# 123D Catch Network Proxies



## jsbirau (Oct 9, 2015)

Hi,
We are having problems configuring our system to work with AutoDesk 123D Catch. It keeps giving an offline message. We have been told that:
==========================================
ChristianPramuk September 25, 2015 04:59
This issue usually occurs on an office/work network environment. You can adjust the proxy settings in 123D Catch desktop app. (File/Preferences/Connection).

123D Catch is using 3 different URLs: 
cvi-queue.labs.autodesk.com 
cvi-db.labs.autodesk.com 
cvi-data-photofly.labs.autodesk.com

All on the port 80. 
For those running proxies that authenticate web traffic, you will want to disable it for those URLs. That's in addition to allowing the traffic.
==========================================

The proxy settings in that program only allow for the insertion of 1 proxy???
So what to do with the other 2 ???

Now does that mean that we have to put each of these proxies into our Firewall program (Norton 360 Premier)? This program only seems to have enough space for 1 proxy?
Further .... in addition to putting the addresses into the Firewall on the PC Laptop would it be necessary to insert the addresses into any router / network device between the laptop and the ISP?

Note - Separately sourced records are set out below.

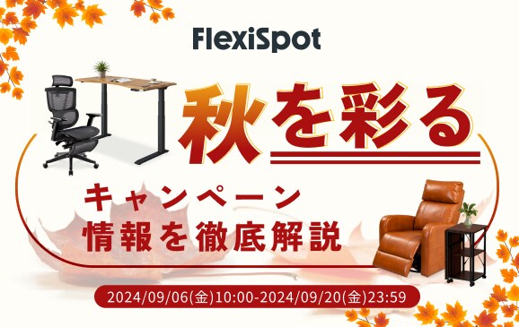 酷暑の夏も過ぎ、処暑とはなりましたが、まだまだ厳しい暑さは和らぎそうにありません。これから秋が本番に近づくにつれ、空は高く澄み、木々は鮮やかな色に染まり、この多彩な季節は、私たちの生活にも豊かな彩りをもたらしてくれます。FlexiSpotはこの美しい季節の始まりに合わせて、人気商品を含めた割引セールを実施いたします。一部商品は複数からカラーをチョイス可能で、皆様の日常生活に秋の様な豊かな彩りを添えてくれることでしょう。それでは、以下キャンペーン情報をご確認ください。
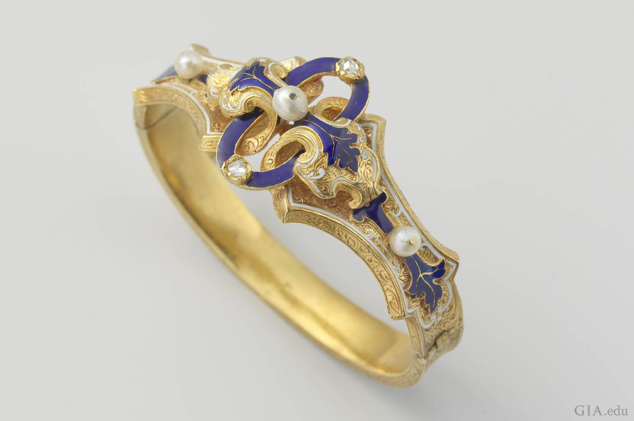19世紀のジュエリーは、良い状態で保存されたルネッサンスの作品やジュエリーデザインの書籍に保存されたものなど、様々な要素からインスピレーションを受けました。中央にカラーストーンや真珠があしらわれており、その周りに小さな宝石が散りばめられているジュエリーが、ルネッサンス・リバイバルを象徴するペンダント、ブローチ、イヤリングの特徴でした。様々なエナメル処理の技術が、カラフルなアクセントとしてよく使われました。
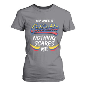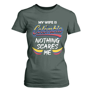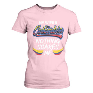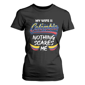 Funny My Wife Is Colombian T Shirt For Women Nothing Scares Me Colombia Flag
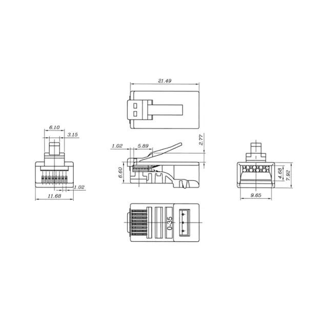 Internet konektor RJ45 CAT6 UTP, ki deluje s trdnim ali mehkim kablom.
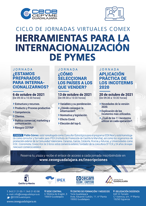 El departamento de Comercio Exterior de CEOE-CEPYME Guadalajara ha organizado un nuevo ciclo de jornadas que va a desarrollar a lo largo del mes de octubre, concretamente se desarrollarán tres sesiones, los días 6, 13 y 20 de octubre y, que se desarrollarán de manera virtual.
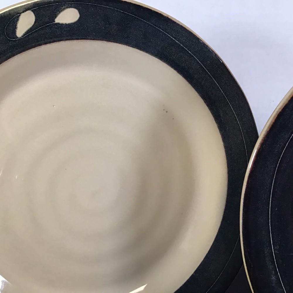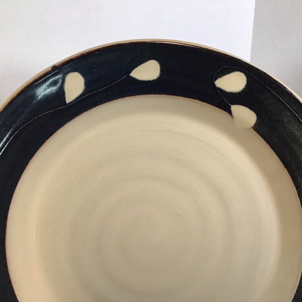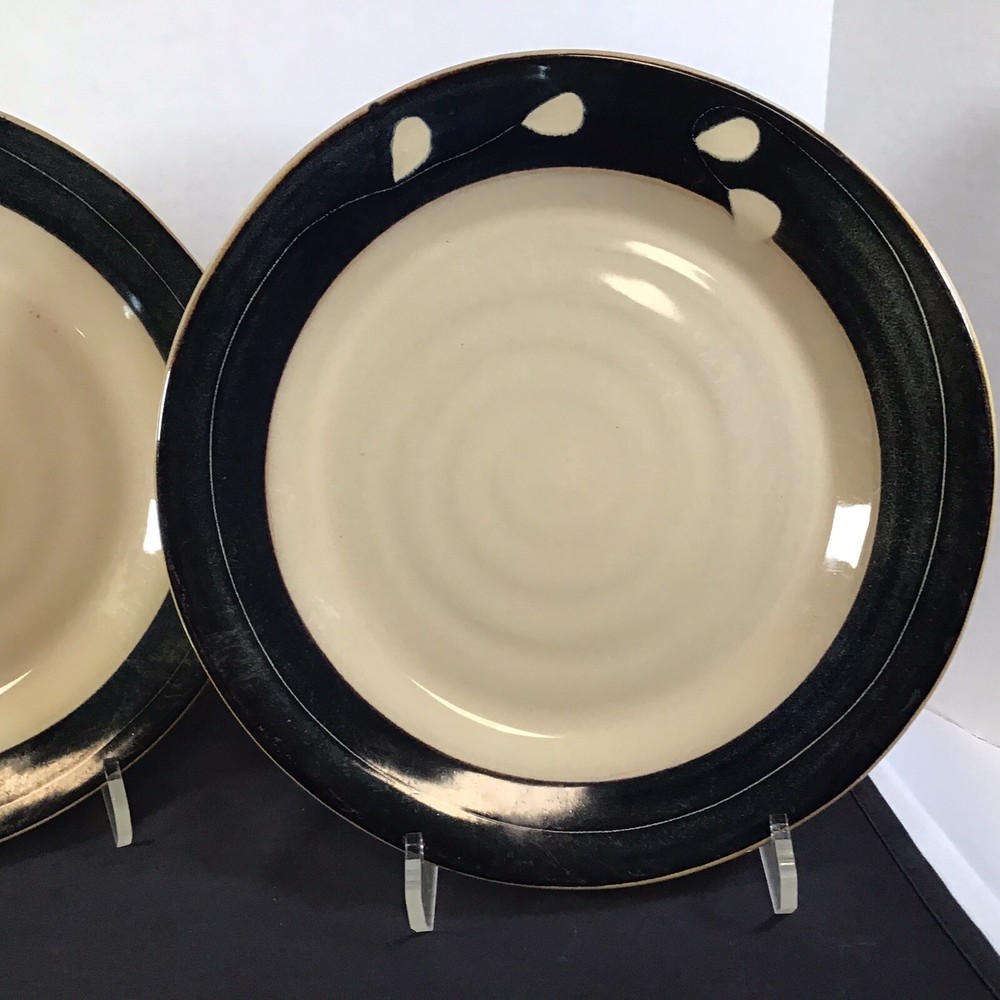 Up for your consideration are these Pier 1 Imports WHITE BLOSSOM Hand Painted 11” Dinner Plates, lot of 2. Beige with a Black Rim. Plates were used daily and show normal wear and tear for being a daily user. The Pier 1 back-stamp has worn off of both plates. Utensil marks are throughout the plates but plates have no chips, cracks or crazing. As with all my listings if you’re not satisfied with my described condition, please take advantage of my return policy. Thanks for looking at my listing. EE

What else do i need to adjust to make this work?

Your advice would be greatly appreciated? ... Thanks.... John


----------



## GentleArrow (Aug 10, 2015)

You give no indication you are running a proxy server so the message doesn't pertain to you.

BTW proxy isn't one to one as in one URL to one proxy.
https://en.wikipedia.org/wiki/Proxy_server


----------



## GentleArrow (Aug 10, 2015)

Decided to go do a nslookup on cvi-db.labs.autodesk.com

>nslookup cvi-db.labs.autodesk.com
Server: cdns01.comcast.net
Address: 75.75.75.75
Non-authoritative answer:
Name: sdb.amazonaws.com
Address: 176.32.103.88
Aliases: cvi-db.labs.autodesk.com

Look at the "Name". it goes to Amazon not autodesk

Then I put the ip address 176.32.103.88 into IE and ended up here
AWS | Amazon SimpleDB – Simple Database Service

Does not appear these URLs are related to a software's connection to a service which it appears the three URLs are all about.


----------